DeerFlow has an invoke_acp_agent tool that calls external ACP-compatible agents. It expects ACP adapters (e.g., @zed-industries/claude-agent-acp, @zed-industries/codex-acp), not raw CLI binaries. This means DeerFlow can delegate work to Claude Code or Codex through the ACP protocol as a first-class tool call.

Configuration system

DeerFlow uses a versioned YAML config (config_version: 5) with:

Environment variable interpolation — $OPENAI_API_KEY in config values
Dynamic class resolution — use: package.module:ClassName loads any LangChain-compatible class
Config upgrade script — make config-upgrade migrates older configs
Pydantic validation — all config is validated at load time
Per-agent configs — custom config.yaml files under agents/ with custom model, soul (prompt), skills, and tool groups

LLM error handling middleware

The LLMErrorHandlingMiddleware classifies errors into:

Retriable: busy, transient errors (408, 429, 500) — retried up to 3 times with exponential backoff and Retry-After header respect
Non-retriable: quota exceeded, auth errors — returns user-friendly AIMessage instead of crashing

It emits llm_retry stream events so the frontend can show retry progress to the user.

Citation System Removed

In a significant simplification, DeerFlow removed its citation system entirely in this update:

Deleted SafeCitationContent component
Deleted inline-citation.tsx (289 lines)
Removed citation core utilities
Replaced with simple MarkdownContent renderer

This suggests the complexity of citation handling wasn't worth it for their use case — a notable example of an agent choosing simplicity over feature completeness.

Where DeerFlow is weaker

Less of a single polished CLI identity

Unlike Claude Code or Crush, DeerFlow is not designed to be a standalone terminal experience. It's a harness — powerful but less opinionated. You need to configure it to get value.

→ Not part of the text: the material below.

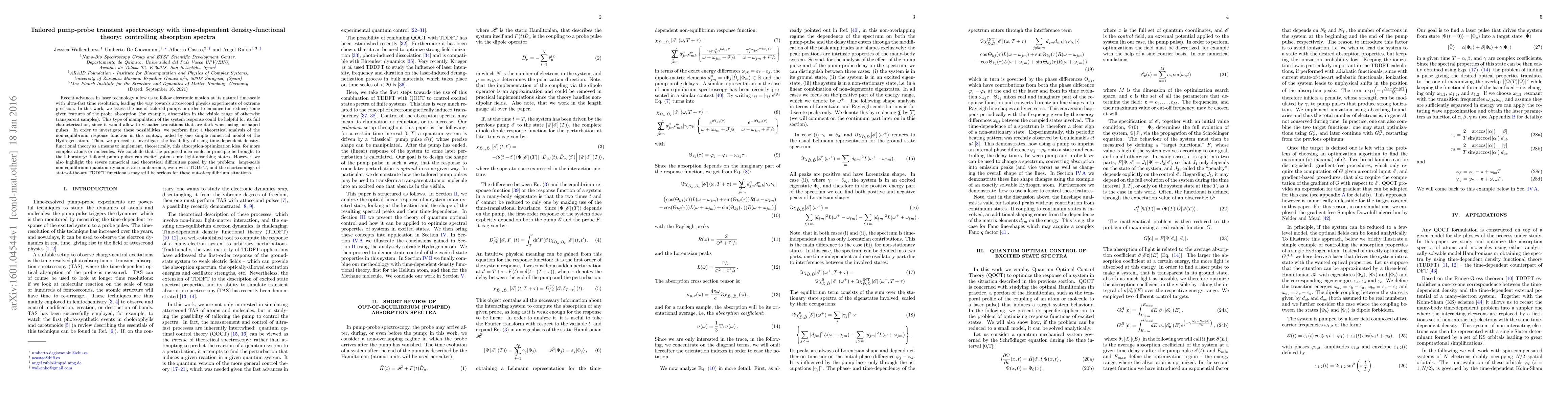 This paper explores the use of tailored pump pulses to manipulate probe absorption spectra using time-dependent density-functional theory (TDDFT). It demonstrates the potential of this approach to reveal otherwise "dark" transitions in complex atoms or molecules, though it also highlights significant theoretical and computational challenges.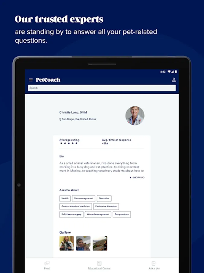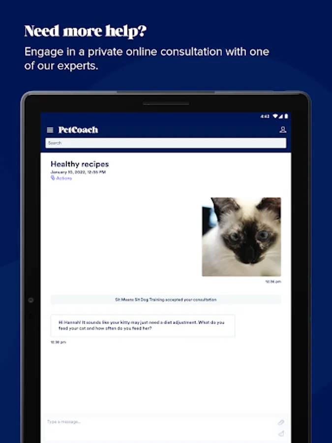 - Your trusted source of information: Additionally, PetCoach contains hundreds of vet-authored articles about pet health, behavior, nutrition and care. Learn why your dog eats grass, what your kitten’s meowing means, or which common foods are poisonous to your pet.

Local sandbox is not secure isolation

The default LocalSandboxProvider runs commands directly on the host. It's convenient but not a security boundary. The AIO sandbox requires Docker or container infrastructure.

Bottom line

DeerFlow is the most framework-shaped agent in this set. If Claude Code is a product, DeerFlow is a platform. Its 14-layer middleware stack, sub-agent orchestration with parallel execution, LLM-driven memory, skill self-evolution, and SSE stream bridge make it the most extensible runtime here.

The tradeoff is that it's less immediately usable as a CLI tool — you need to configure models, skills, and sandboxes to get it working. But if you want to build an agent system rather than use one, DeerFlow is the most interesting starting point.